Goals

  1. Understand how Performance-Based Design works
  2. Learn how you can understand and influence the performance of your building
  3. Sign off for our biweekly Training Webinar.

Performance-based design is an iterative, three step process in which you continually assess how your building is performing, what is driving that performance, and what you can do to influence it.

Download a sample model to walk through the core training exercise:

1a. How is my building performing?
The Sefaira Dashboard

The Performance Dashboard is designed to give a quick snapshot of energy and daylight performance as the design evolves.

energy-use-intensity
Energy Use Intensity or EUI is a building’s annual energy use per unit area. It is typically measured in thousands of BTU per square foot per year (kBTU/ft2/yr or kWh/m2/yr). EUI is useful for compar- ing performance of buildings across sizes, types, and locations. It can help you design buildings with low energy use, and, as a likely result, lower operating costs. The color of the dial also shows whether the building is meeting 2030 Challenge targets (when it is green) or not (when it is red).
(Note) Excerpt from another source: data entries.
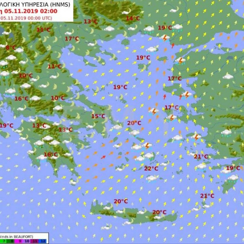 Άνεμοι: Από νότιες διευθύνσεις 5 με 6 και τοπικά 7 μποφόρ. Τη νύχτα θα στραφούν σε νοτιοδυτικούς και θα εξασθενήσουν.
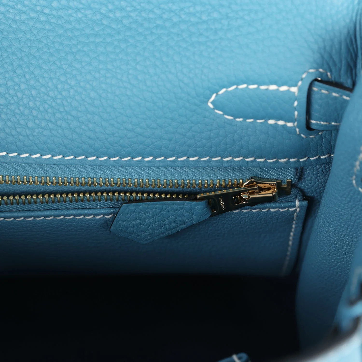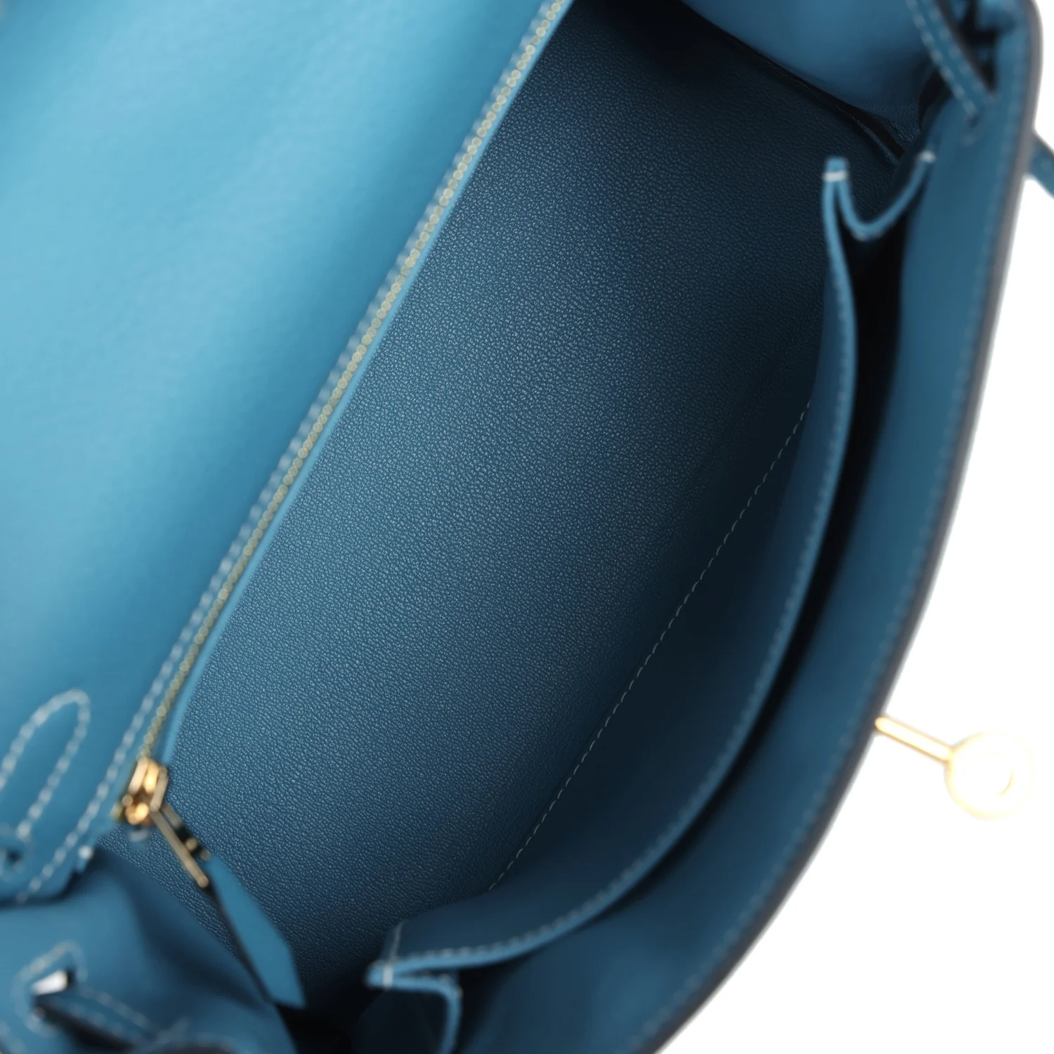 The interior is lined in New Blue Jean chevre and has one zip pocket with Hermes engraved pull and one open pocket on the opposite side.
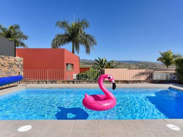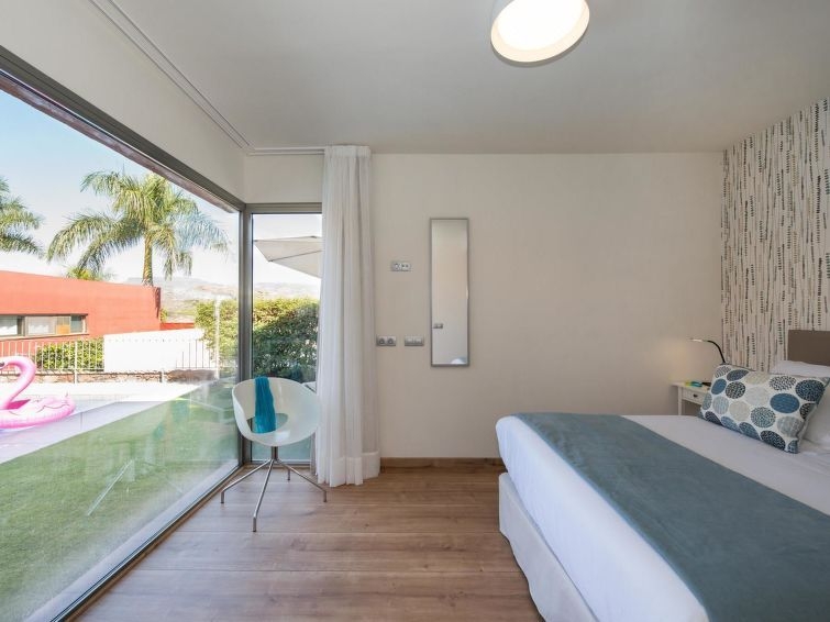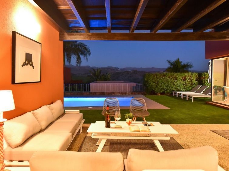 Villa, bonita, moderna "Par 4 Villa 19 with Pool Salobre". Equipamiento de la vivienda: aire acondicionado, lavadora (privado). Parking: plaza de parking reservada. Acceso en coche todo el año. Situación: en el centro de Salobre Golf Resort, en las afueras de Maspalomas, lugar aislado, tranquilo, soleado en una colina. Vista desde la vivienda al paisaje. Entorno de la vivienda: jardín (privado), piscina (privado, longitud 8 m x ancho 4 m), barbacoa (privado). Climatización de la piscina (extra: 50€/día), solicitar en la reserva y pagar en plaza. "P19", casa 5 piezas para 6 personas, 120 m2, con mobiliario confortable y moderno. Salón-comedor con TV satélite. Fumar no permitido. Internet (Wifi). Dormitorio con 1 cama doble. Dormitorio con 2 camas individuales. Dormitorio con 2 camas individuales. Cocina abierta con 4 quemadores, microondas, horno, mesa de comedor, lavavajillas, frigorifico y congelador. Baño y ducha/WC. Terraza-jardín, muebles de terraza. Otros equipamientos: caja fuerte, trona, secador de pelo, plancha, lavadora. 2019/5809
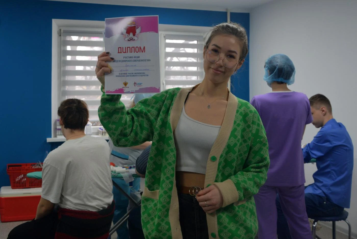 За активное участие в мероприятиях, в формате Дня российского студенчества, донорам вручали Дипломы участника акции «Неделя донорского совершеннолетия», открытки и многое другое.
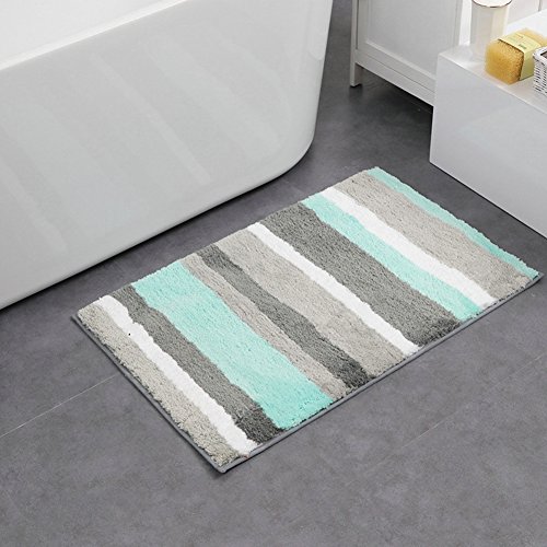 Ilishop Stripe Bath Rug Gray-Yellow Non-slip Mats Green 17.7X25.6 Inch
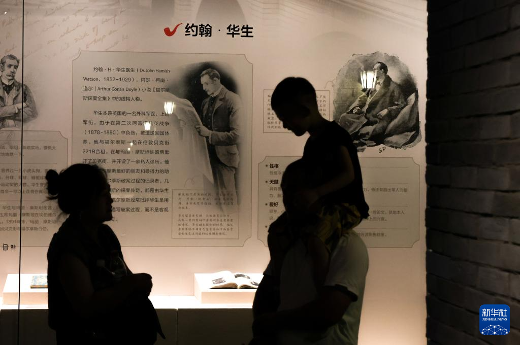 8月20日,小朋友与家长观看“福尔摩斯大型沉浸式主题展”。
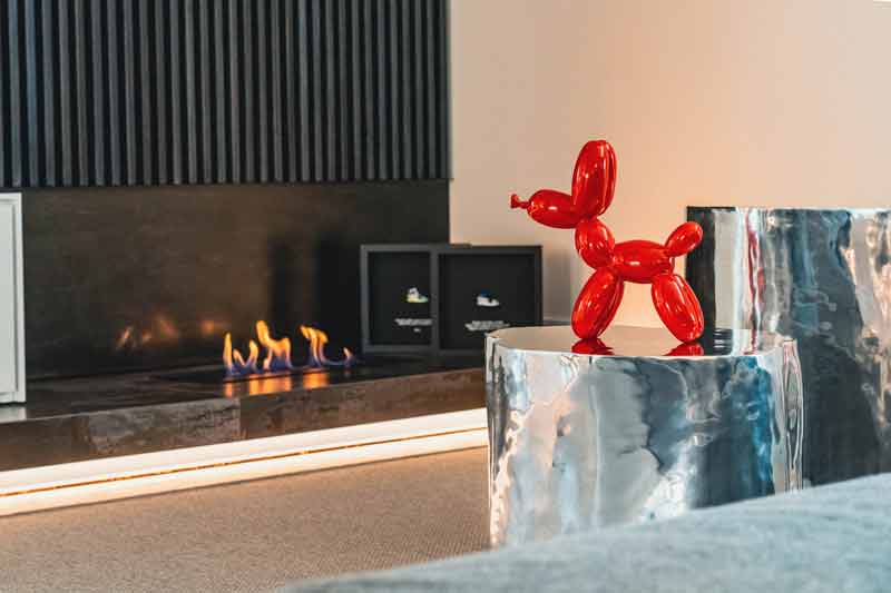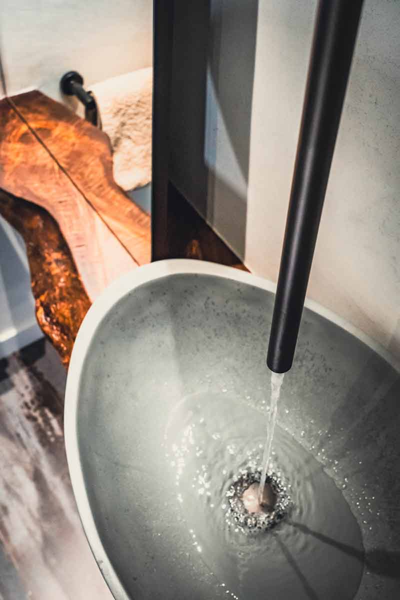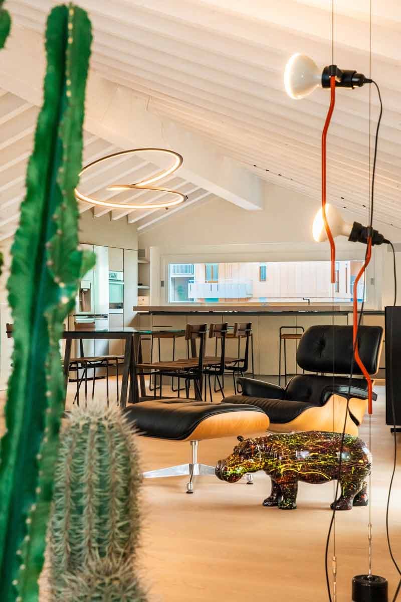 Los espacios del ático se distinguen por los muebles que, a pesar de su elegancia, mantienen una sobriedad simple y discreta. De la misma manera, la cocina se caracteriza por un diseño esencial, revestida con puertas texturizadas con acabado cementicio que le confieren un aspecto robusto y una textura áspera al tacto. Este equilibrio entre sofisticación y simplicidad impregna todo el ambiente, creando una atmósfera sofisticada pero sin ostentaciones.
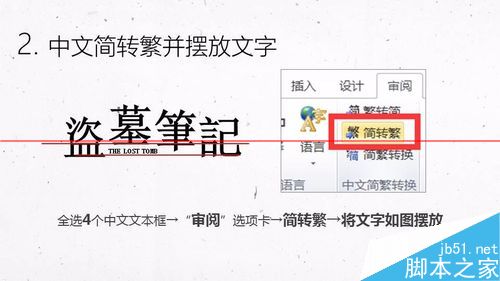 2、中文簡轉繁。全選中文文本框→審閱選項卡→簡轉繁→將文字如圖擺放。
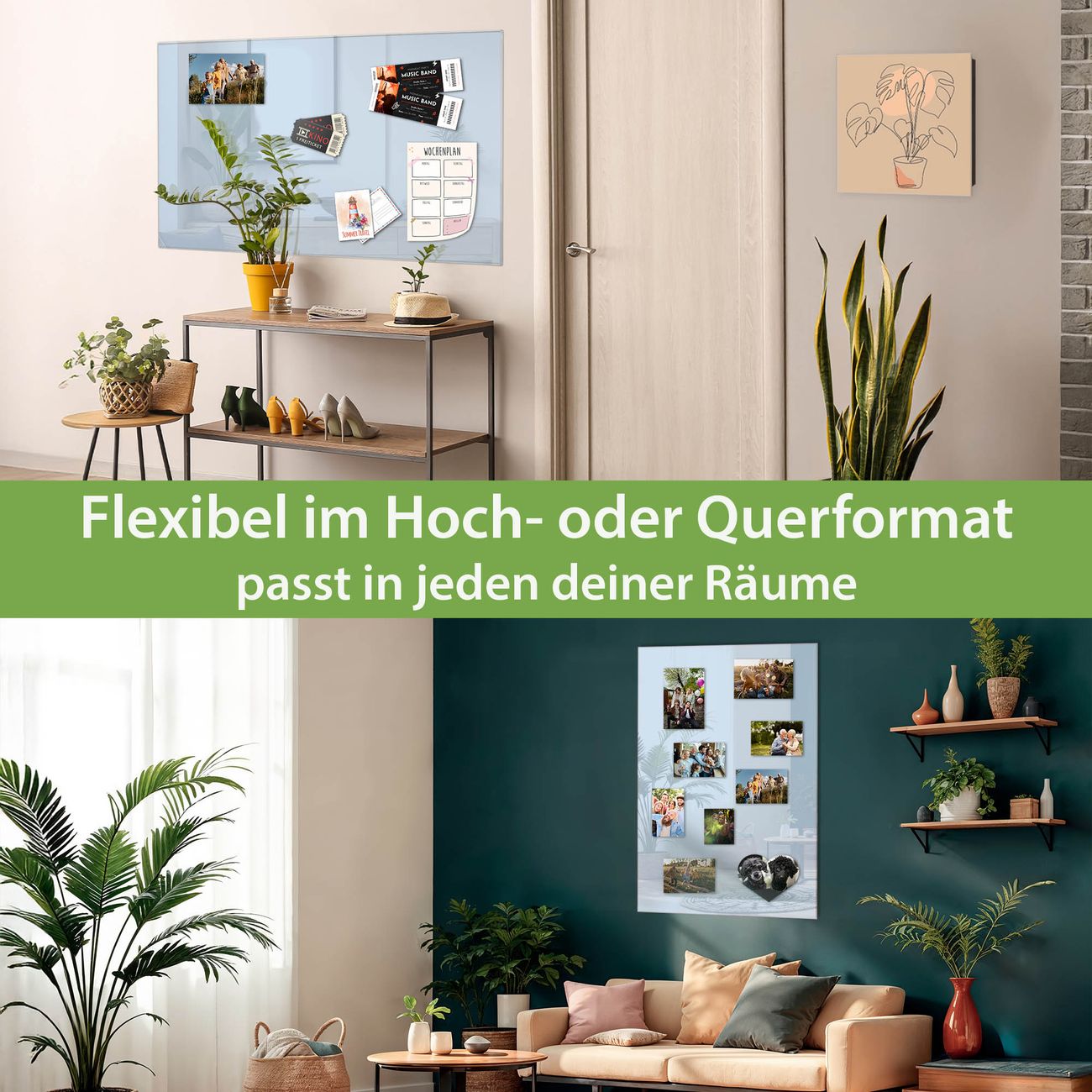 Dank der flachen Bauweise wirkt die Magnetwand fast schwebend an der Wand. Sie können sie mit Montagekleber elegant befestigen oder mit einem passenden Set klassisch verschrauben - beides sorgt für sicheren Halt und eine dezente Optik.
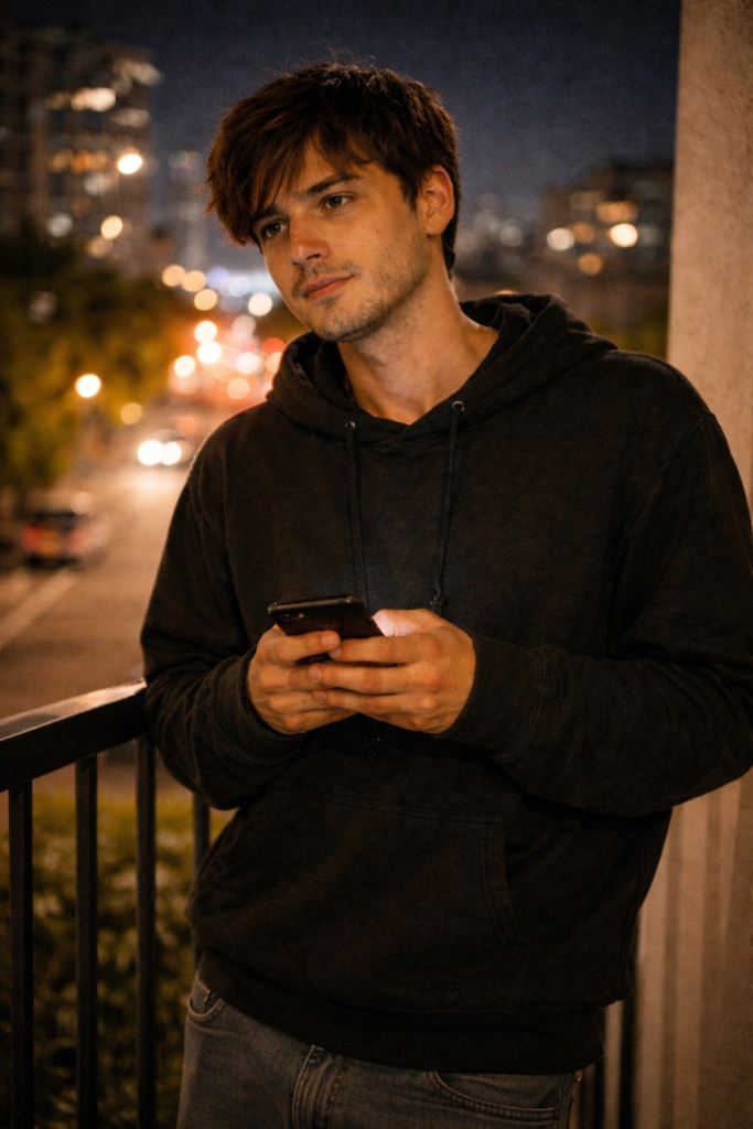 A young person standing on a balcony at night,
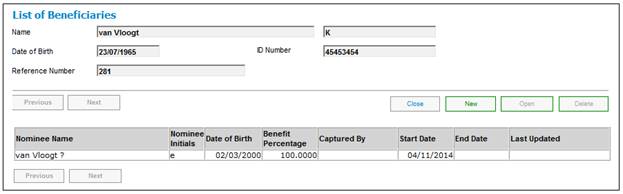 When a Beneficiary is selected and then the OPEN button is selected, the List of Beneficiaries screen is displayed.
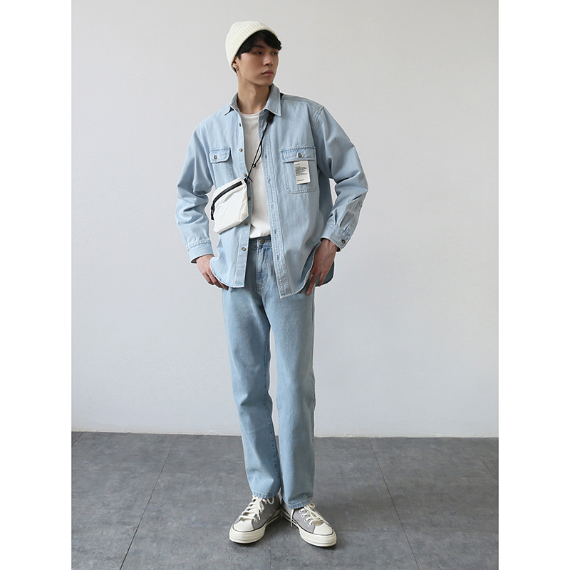 Model students very good color light blue washed slightly loose straight-leg jeans light luxury men's trousers - Taobao
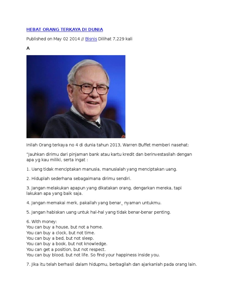 Nasehat Orang Terkaya No 2 Di Dunia Kaskus
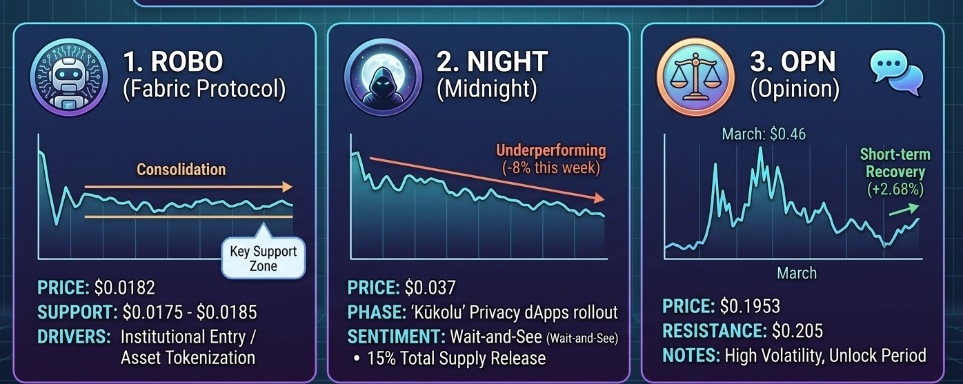 The cryptocurrency market is currently navigating a period of "Defensive Recovery," with Bitcoin testing resistance levels around $77,000. While the broader sentiment remains cautious, several mid-cap and niche tokens like ROBO, NIGHT, and OPN are showing distinct technical patterns.
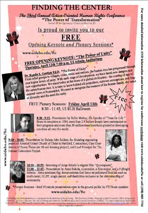 “We are very excited about the two upcoming commitment ceremonies we have planned. One will occur this summer, and the other is on our fall schedule.” Pastor Castro-Lang advised, “We get to know the couples; where they are in their relationship as well as in their spiritual journey, just like any other couple.” In June, Johnston will be conducting a commitment ceremony for two local women. The couple, who were unavailable for comment, have been together for 7 or 8 years and will “return to Spokane in April or early May from the Southwest.” Castro-Lang will perform the holy union, planned for early Octo-
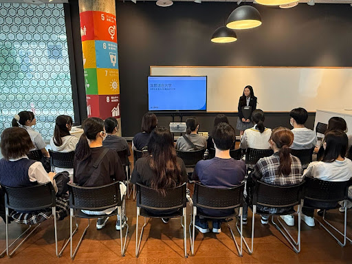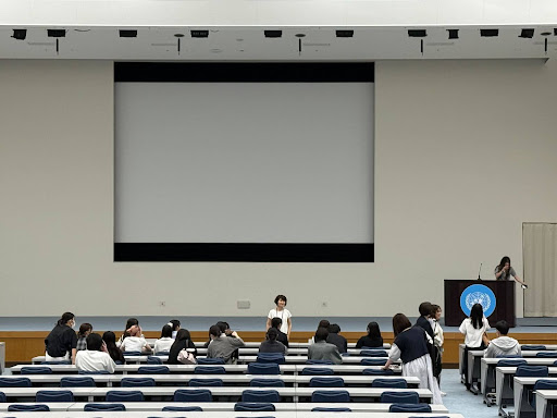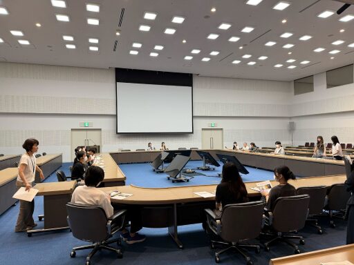 はじめに、国連大学の設立の経緯やその役割、そして国際社会への貢献のあり方について、職員の方からお話を伺いました。学術機関でありながら、世界各地の拠点で地域に根ざした課題解決に取り組む研究機関であるという点に、生徒たちは強い関心を示していました。
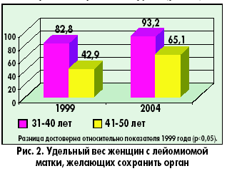 В настоящее время изменение стиля жизни современной женщины привело к тому, что зачастую выполнение ею репродуктивной функции в силу различных причин (занятость, профессиональный рост, отсутствие надежного спутника жизни и т. д.) откладывается до более старшего возраста. К тому же внедрение новых репродуктивных технологий, расширяющих возрастные границы фертильного периода, дает возможность вынашивания детей даже в пременопаузальном возрасте. В связи с этим среди женщин с миомой увеличилось число желающих сохранить матку, особенно среди пациенток старших возрастных групп (рис. 2).
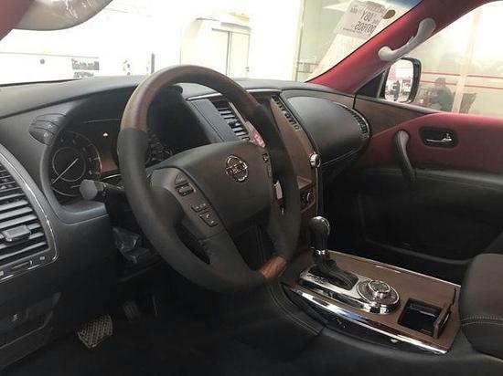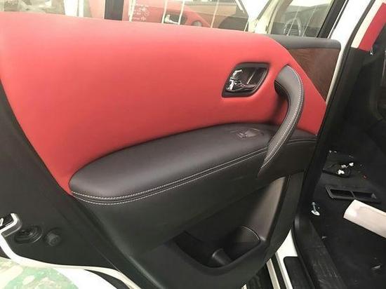 日产途乐Y62中东版内饰兼具了舒适性和功能性。仍然为三排座车型,内饰材质也更加的考究,使用了原车丝绒座椅,铝以及木纹样条作为点缀。低配途乐XE版本中控部分的是一个储物盒,标准日系车的风格,
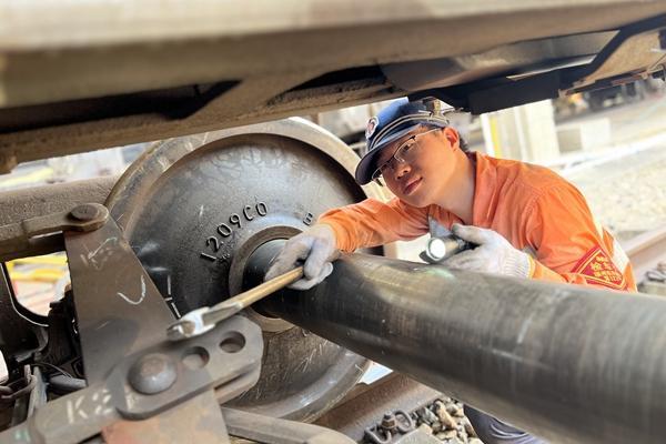 1時30分,作業(ye) 人員攜帶道尺、檢查錘、油壺等材料工具,向站場西邊進發,點點頭燈猶如點點螢光,緩緩向前方移動。10分鍾後,左自強抵達14號道岔,他彎下腰,將道尺卡在鋼軌間讀取數值。“0.5、0.4、0.5……”他邊檢查邊記錄,不放過一處問題隱患。在一顆鬆動螺栓處,左自強先用手旋緊,再用扳手緊固,最後雙手用力下壓扳手,直至螺栓紋絲(si) 不動。“一顆螺栓鬆動,就可能帶來重大安全隱患。再細小的事情我們(men) 也要認真仔細地做好。”左自強說。

The Energy Segments dial further breaks down the EUI into four major categories of Heating (red), Cooling (blue), Lighting (yellow) and Appliances (purple). This example shows a building in which the majority of the energy use is from heating the building.

daylighting
The Daylighting dial shows the percentage of floor area that is “well lit” (Spatial Daylight Autonomy, shown in blue), “glare” (Annual Sunlight Exposure, shown in yellow), and “underlight” (shown in grey) in line with LEEDv4 metrics.

1b. Setting use type, location and baseline. How did performance change?

Setting up real time analysis so that Sefaira provides meaningful feedback on the performance of your design only requires three inputs; a use type, location/climate zone and baseline.

TIP

You can see the assumptions Sefaira is making about these use types here.

core4
  1. Choose a building type of either Office, Residential, School, Healthcare or Laboratory.
  2. Enter a location, Sefaira supports locations all over the world.
  3. Choose baseline and climate zone (climate zones are only set for ASHRAE 90.1)

core5
Setting a baseline
  1. Chose from either a Standard Baseline, including default ASHRAE 90.1 and Part L, or adjust the sliders to create your own custom baseline which can be recalled later on to quickly re-apply to other projects.
  2. Clicking on the slider will show the exact parameter value and units.
  3. Daylighting Based Controls account for the impact of good daylight on your buildings lighting energy use.
  4. Click to return to the Performance Dashboard.

core6
After setting those three inputs we can see that our school being built in San Francisco, with an ASHRAE 90.1 for 2010 energy base- line, is currently not meeting the 2030 challenge (the dial is still red). The building is cooling dominated and we would need to look at the Element Performance chart to better understand why. Lastly, this design needs some attention given to improving daylighting since there is mostly glare.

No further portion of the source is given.